Da Paddington a King’s Cross, passando accidentalmente per Piccadilly Circus, sono tante le sciarpe sangue e oro che sin dalle prime ore del pomeriggio sfilano all’impazzata. Se volessimo paragonare le trasferte europee a quelle italiane potremmo inserire Londra nella classica scampagnata a cui un po’ tutti vogliono partecipare. I prezzi più che accessibili per raggiungerla e l’impostazione mentale ormai abituata al viaggio dentro al continente hanno fatto il resto. Oltre a quello che accennavo in precedenza: il mito che resiste (almeno per me inspiegabilmente) attorno al pubblico britannico.
La Tube si inerpica lentamente fino a Fulham Broadway. La District Line è quanto di peggio ti possa capitare a Londra. “Sembra la Linea B!” sussurro tra il serio e il faceto a mio fratello. Effettivamente non ci va molto lontana in quanto a efficienza. Ovviamente è un’eccezione a un sistema di trasporti che fa impallidire quello romano, ma è un’imperfezione che fa piacere sottolineare. Solo per il gusto di smontare, a ogni minima occasione, questo alone di perfezione con cui molti italiani descrivono tutto quello che avviene da queste parti.
Più lo stadio si avvicina e più l’assembramento di steward si fa massiccio. A breve capirò che qua, ancor più di altri stadi visti Oltremanica, sono veramente loro a gestire il tutto. Nel bene e nel male.

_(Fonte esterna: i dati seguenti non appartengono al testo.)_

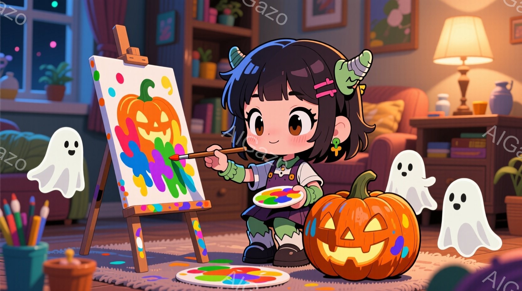 明るいリビングで、緑色の肌をした小さな女の子がキャンバスにカボチャを描いています。彼女は黒いリボンと赤い十字架の飾りがついた髪、水玉模様のドレス、黒い靴を履いており、集中した表情で絵を描いています。背景にはハロウィーンの飾り、カボチャ、そしてほのかに光る幽霊たちが暖かく、お祝いムードを醸し出しています。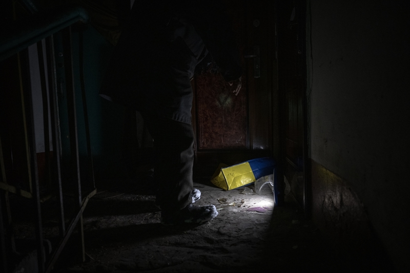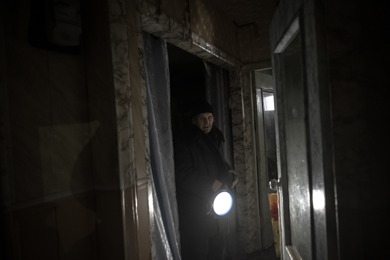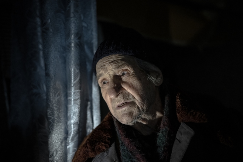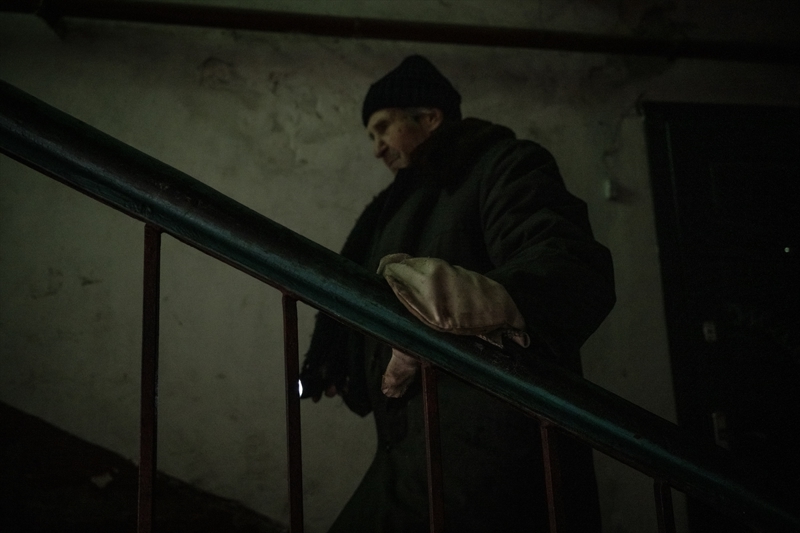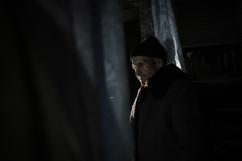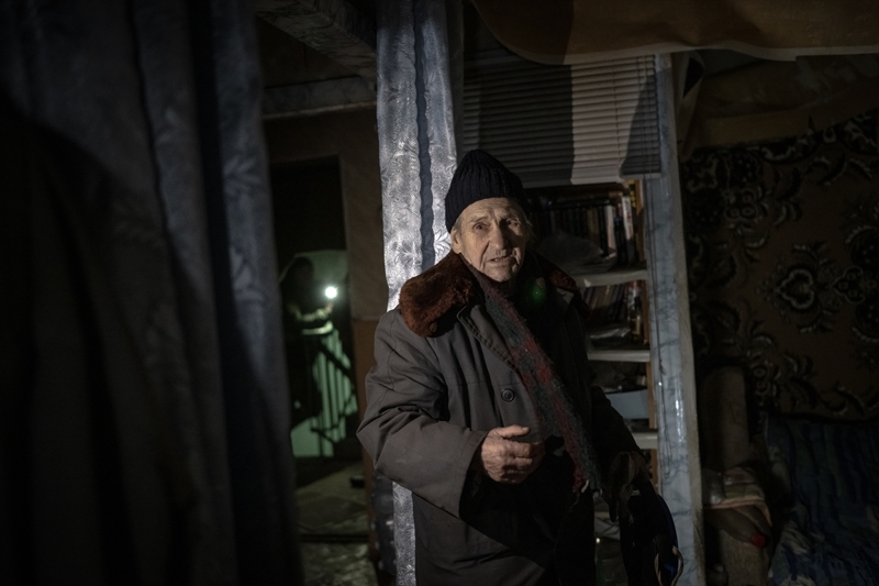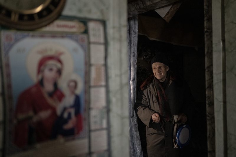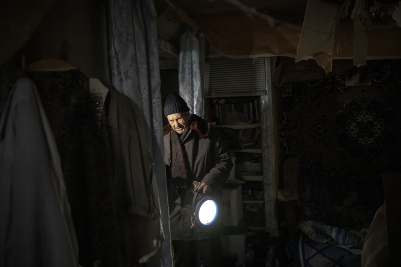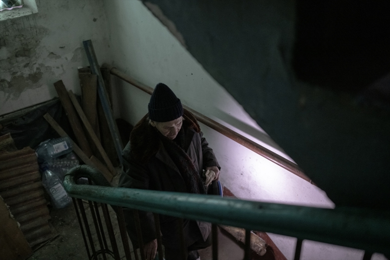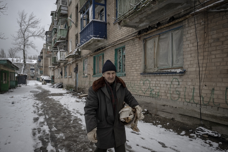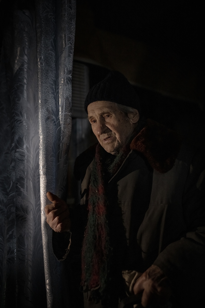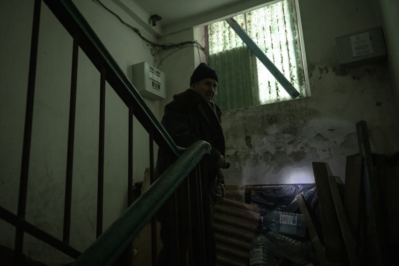 Çasiv Yar'da topçu saldırıları nedeniyle hasar görmüş bir apartmanda tek başına yaşayan 84 yaşındaki Anatoliy, oldukça ağır şartlarda ayakta kalmaya çalıştığını belirtti.

Un commento voglio riservarlo all’ubicazione di Stamford Bridge: letteralmente incastonato tra i palazzi. Nel nostro Paese spesso si alzano polveroni e si creano problemi facendo riferimento alla difficoltà nel gestire l’ordine pubblico in stadi simili. Ecco, se vogliamo confrontare i due modelli e smentire le tante dicerie esistenti su quello inglese, potremmo cominciare proprio da qui: penso che finora a nessuno sia venuto in mente di smantellare la casa del Chelsea per un simile motivo. Ma, ancor meno, a nessuno è venuto in mente di vietare una trasferta o limitare l’accesso ai tifosi ospiti per carenze strutturali (in Italia avrebbero partorito anche questo lampo di genio, stiamone certi).
Mentre a destare la mia sorpresa è anche il prezzo applicato dalla società londinese agli ospiti: 35 pounds. Circa 40 Euro. Un passo indietro che rispecchia gli ultimi anni di contestazione serrata portata avanti dai tifosi locali contro il caro biglietti. Negli ultimi mesi, infatti, la Federazione ha imposto un tetto massimo di 40 pounds per i tifosi ospiti. Una scelta saggia, che arriva dopo anni caratterizzati da un progressivo ma inesorabile allontanamento della working class dalle gradinate. Una decisione che è praticamente opposta a quanto succede da noi in questo periodo storico. Basti pensare ai 40/50 Euro richiesti per tanti settori ospiti della Serie A. Senza dimenticare, ovviamente, che quando parliamo di Inghilterra dobbiamo tener conto di salari e costi della vita differenti. 35 Sterline per un biglietto  potrebbero esser paragonate ai nostri 20/25 Euro richiesti in settori ospiti come quelli dell’Olimpico di Torino. Anche facendo un rapido rapporto qualità prezzo/qualità stadio. Ognuno tragga le proprie conclusioni.
Prima della partita c’è da registrare qualche problemino tra tifosi giallorossi e polizia in zona Kensington. Ne farà le spese un supporter italiano, arrestato dai bobbies.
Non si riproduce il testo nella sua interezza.